The Power of Power Law: Asymmetry Enables Compositional Reasoning
The Power of Power Law: Asymmetry Enables Compositional Reasoning
幂律的力量:非对称性赋能组合推理
Abstract: Natural language data follows a power-law distribution, with most knowledge and skills appearing at very low frequency. While a common intuition suggests that reweighting or curating data towards a uniform distribution may help models better learn these long-tail skills, we find a counterintuitive result: across a wide range of compositional reasoning tasks, such as state tracking and multi-step arithmetic, training under power-law distributions consistently outperforms training under uniform distributions.
摘要: 自然语言数据遵循幂律分布,其中大部分知识和技能出现的频率极低。尽管一种常见的直觉认为,通过重加权或筛选数据使其趋向于均匀分布,可能有助于模型更好地学习这些长尾技能,但我们发现了一个反直觉的结果:在广泛的组合推理任务(如状态跟踪和多步算术)中,在幂律分布下进行训练的效果始终优于在均匀分布下进行训练。
To understand this advantage, we introduce a minimalist skill-composition task and show that learning under a power-law distribution provably requires significantly less training data. Our theoretical analysis reveals that power law sampling induces a beneficial asymmetry that improves the pathological loss landscape, which enables models to first acquire high-frequency skill compositions with low data complexity, which in turn serves as a stepping stone to efficiently learn rare long-tailed skills.

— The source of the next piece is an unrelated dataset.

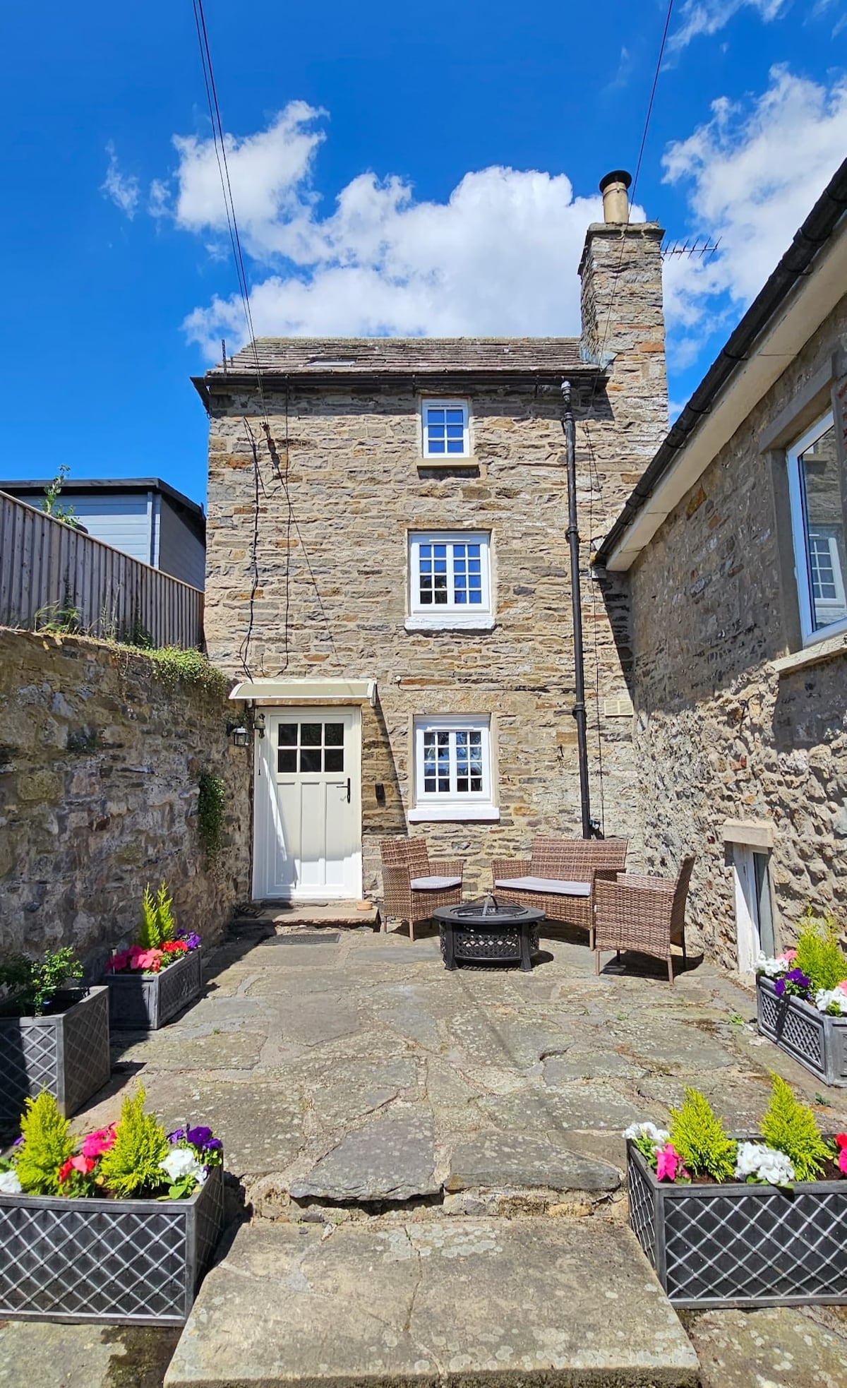 With it's own fenced garden and hidden In the grounds behind The Old Star B&B, this newly renovated, centrally heated stone cottage is well away from the road. Upstairs is an open plan lounge, dining area and fully fitted kitchen with lovely views over the garden and Wensleydale. There are two spacious en suite bedrooms downstairs each with two beds. There is ample off street parking . The village has good amenities and is well placed for walking and touring the Yorkshire Dales.

为了理解这一优势,我们引入了一个极简的技能组合任务,并证明在幂律分布下学习所需的训练数据量显著更少。我们的理论分析表明,幂律采样诱导了一种有益的非对称性,改善了病态的损失函数地形(loss landscape),这使得模型能够以较低的数据复杂度先习得高频技能组合,进而将其作为垫脚石,高效地学习稀有的长尾技能。
Our results offer an alternative perspective on what constitutes an effective data distribution for training models.
我们的研究结果为“什么样的训练数据分布对模型训练最有效”这一问题提供了另一种视角。